“Kim Jong Eun is not the same man that he will be in 10 years, or even in five years,” said
Sam Wang, a Princeton University neuroscientist and author of “Welcome to Your Brain.” “The ongoing maturation we all have observed in people in their 20s is reflected in changes in brain structure.” The connections in the frontal part of the brain “are not quite done growing and developing. The frontal parts of the cortex are important for restraining impulses and making long-term plans.”
In the ranks of world leaders, the age-old reliance on old age — or at least middle-aged maturity — remains very much the rule.
Most world leaders these days take office at age 50 or older; President Obama was unusually young when he was sworn in at 47.
But there are a dozen or so rulers who came to power before age 30. About half are sons who succeeded their fathers. Their performance, today and through history, is less than impressive.
When England’s King Edward VI acceded to the throne in 1547 at the ripe age of 9, he had been raised by his father, Henry VIII, as “this realm’s most precious jewel.” Lavished with toys, the child king — who died at 15 — displayed a savage temper: He ripped a live falcon apart in one fit and later had his uncle beheaded for taking too active a role in governing the country.

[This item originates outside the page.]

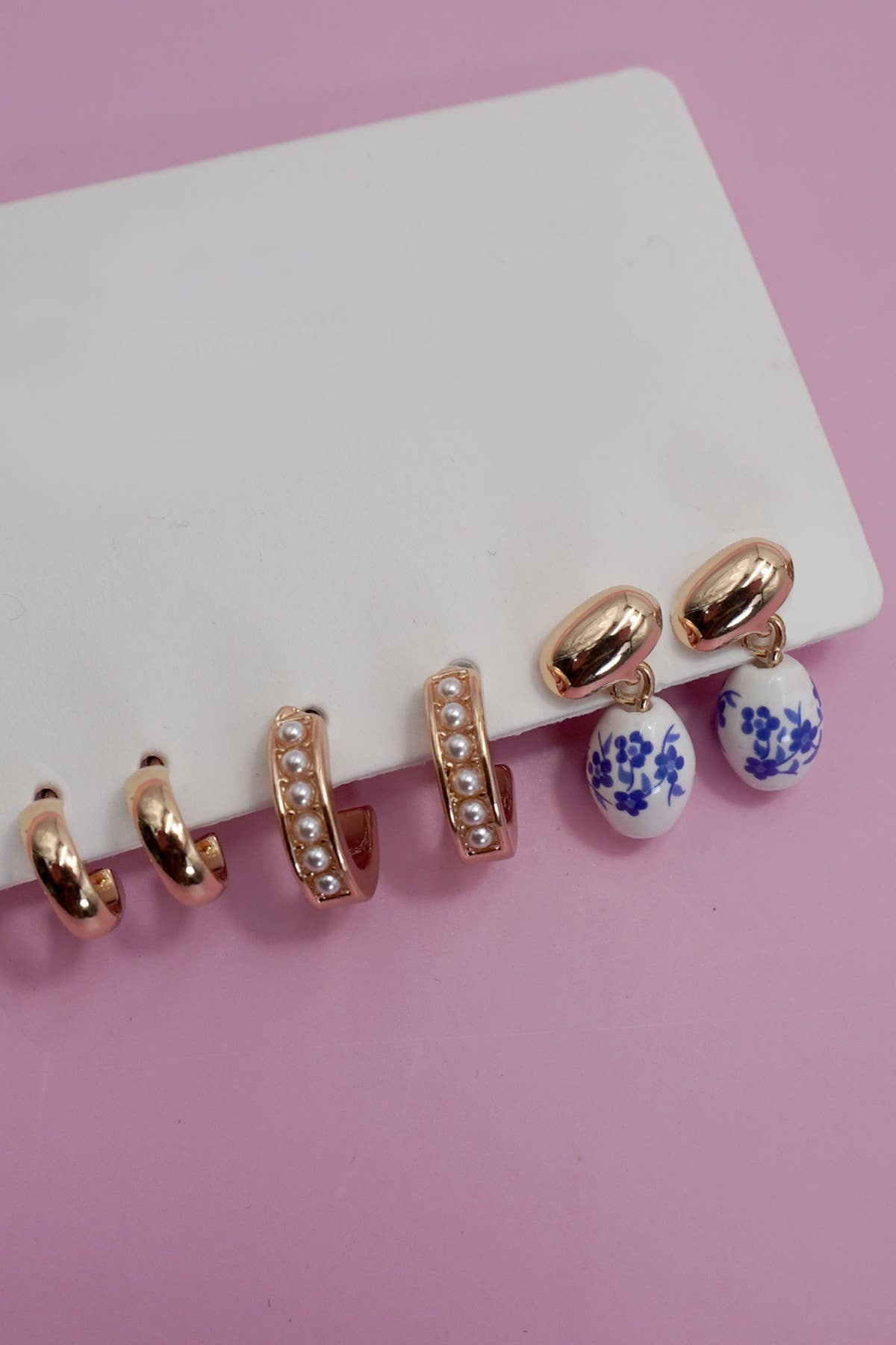 BLUE CERAMIC PORCELAIN TRIO HUGGIE HOOP EARRINGS 2
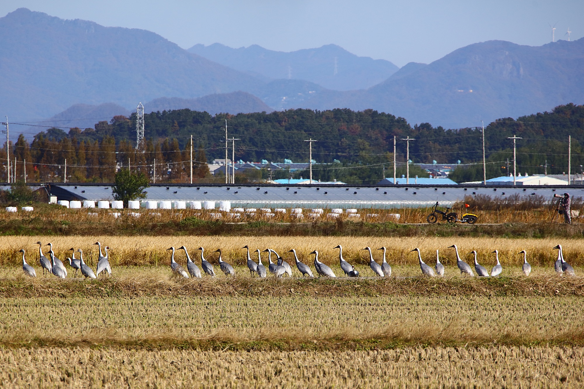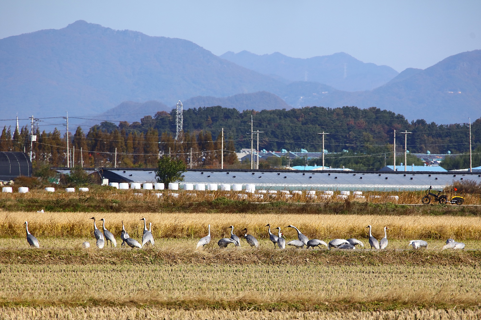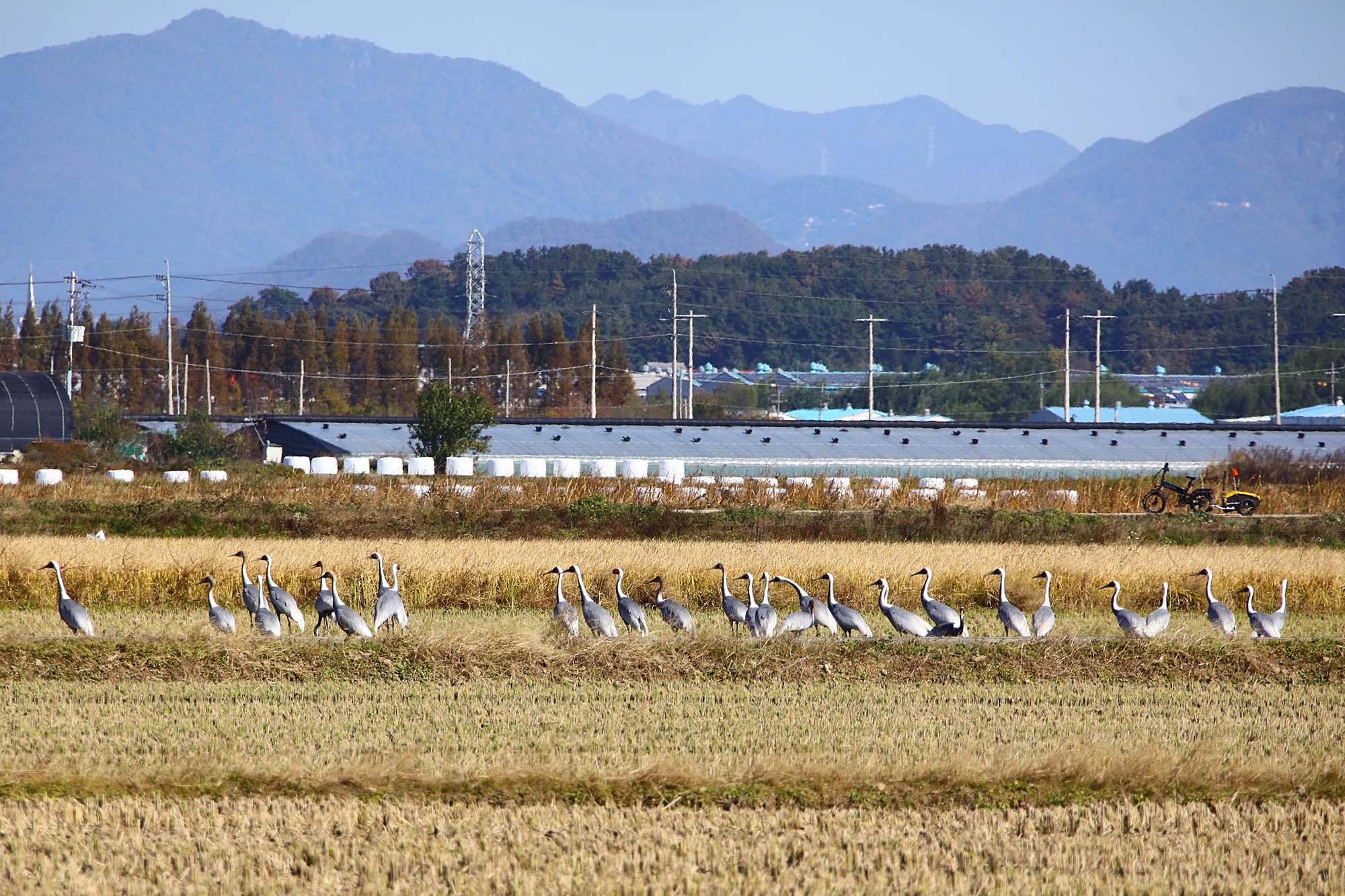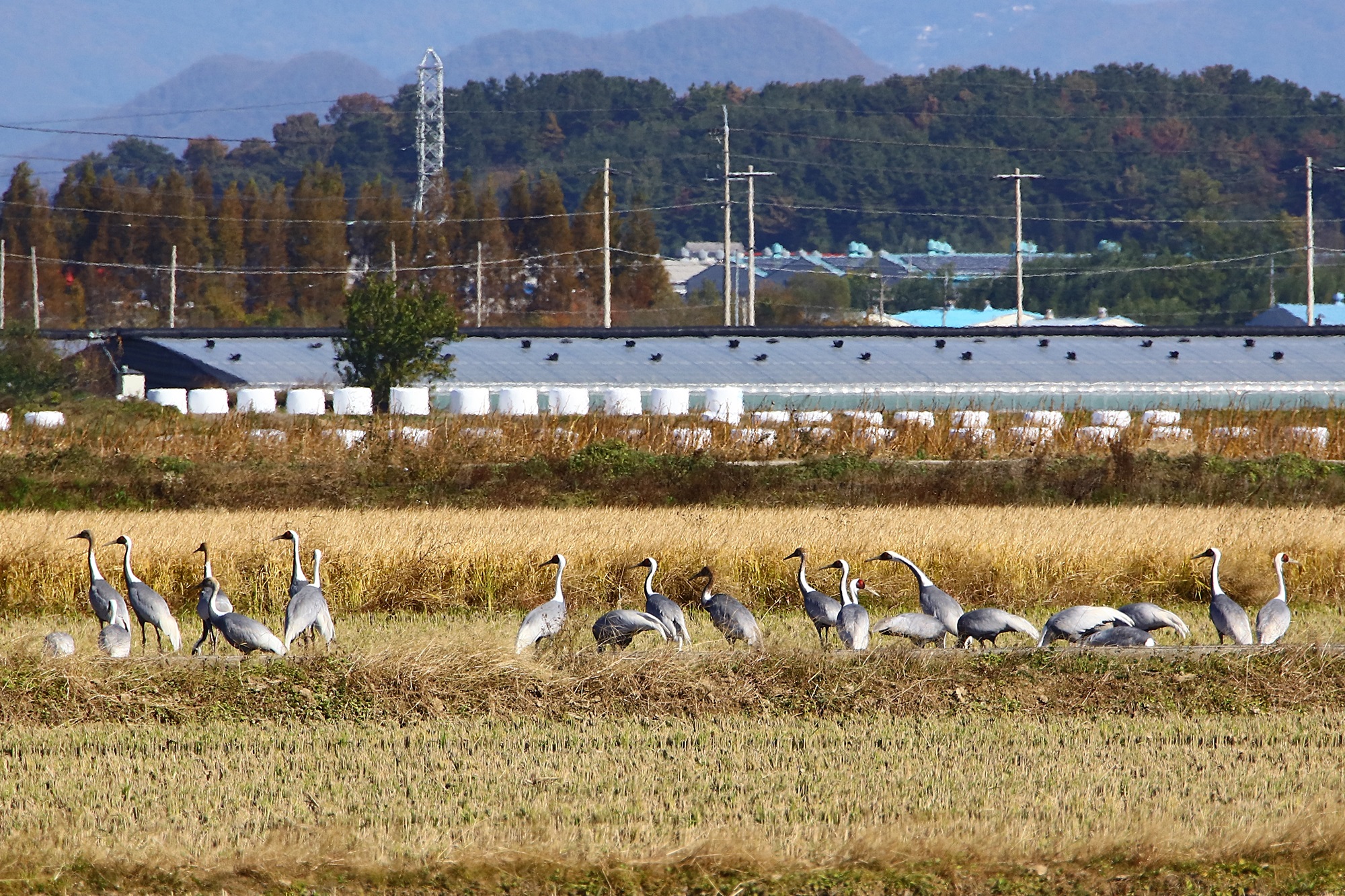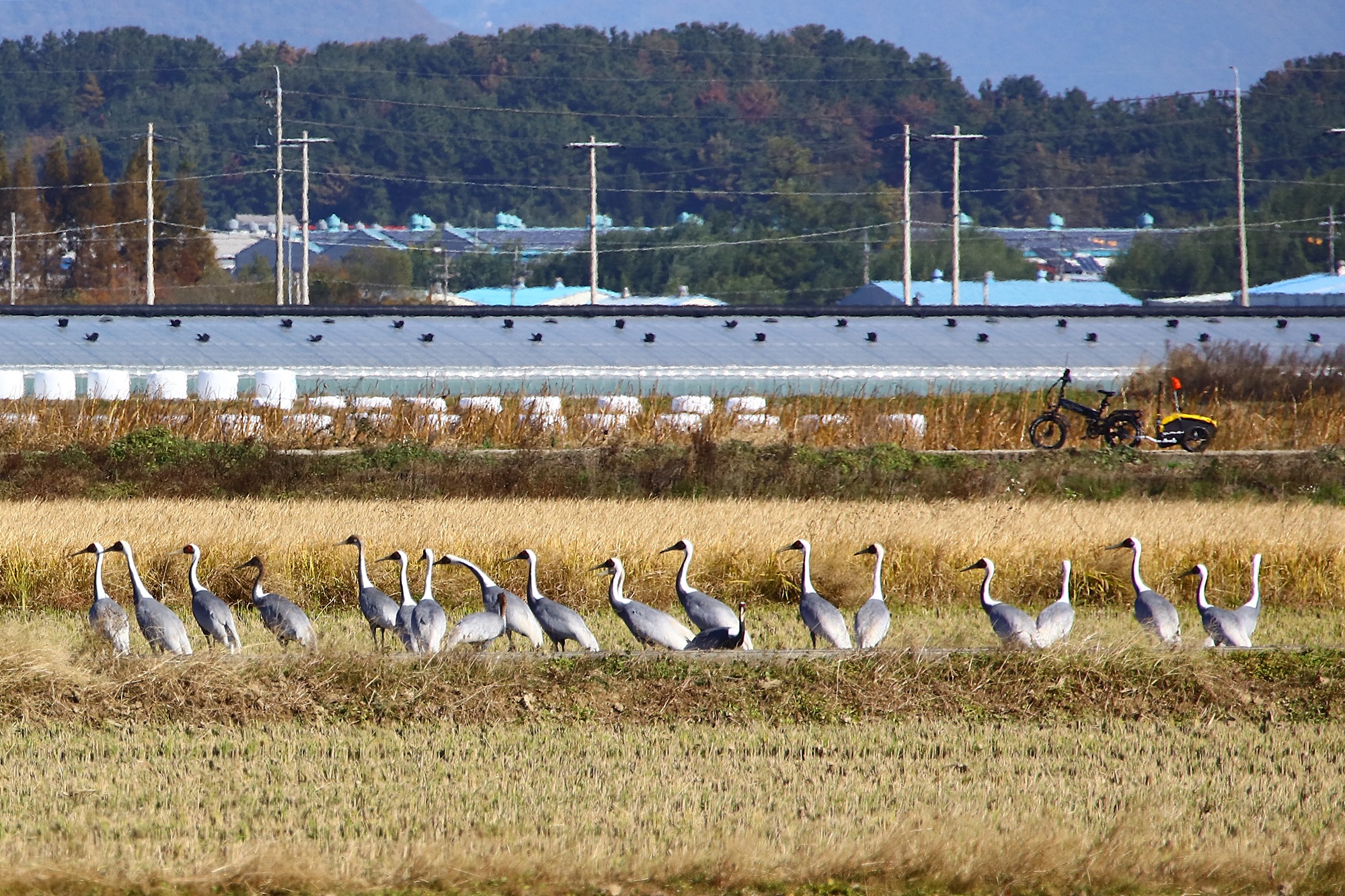 경남 창원시 주남들판에 재두루미가 놀고 있습니다.

One of the youngest leaders of a country today, King Mswati III of Swaziland, was 18 when he was crowned in 1986. He has reneged on more than $10 million in grants to AIDS orphans, even as he has amassed a massive personal fortune, according to the International Monetary Fund. Mswati’s response to his nation’s staggeringly high HIV infection rate was a five-year ban on girls younger than 18 having sex. During the ban, the king took a 17-year-old wife — his ninth — and then fined himself a cow for violating his own edict.
The value of humility
Reporting on North Korea amounts to a journey back to the days of Kremlinology, when Western intelligence services resorted to studying photos of public gatherings to try to suss out the power structures in isolated, secretive communist countries. Until recently, the only photo the CIA had of Kim was of a high school boy in shorts, said Jerrold Post, who was director of the CIA’s Center for the Analysis of Personality and Political Behavior before pioneering the study of political psychology at George Washington University.
In the young Kim’s case, his sudden ascension this week after the death of his father, Kim Jong Il, comes at a very early phase in his preparation for power. “He has not had the opportunity to win the loyalty of those around him,” Post said. “There has to be a lot of uncertainty in the military and the political structure about whether he can handle the pressure and responsibility. This is very different from when his father took over; he had been designated very early and was systematically groomed.”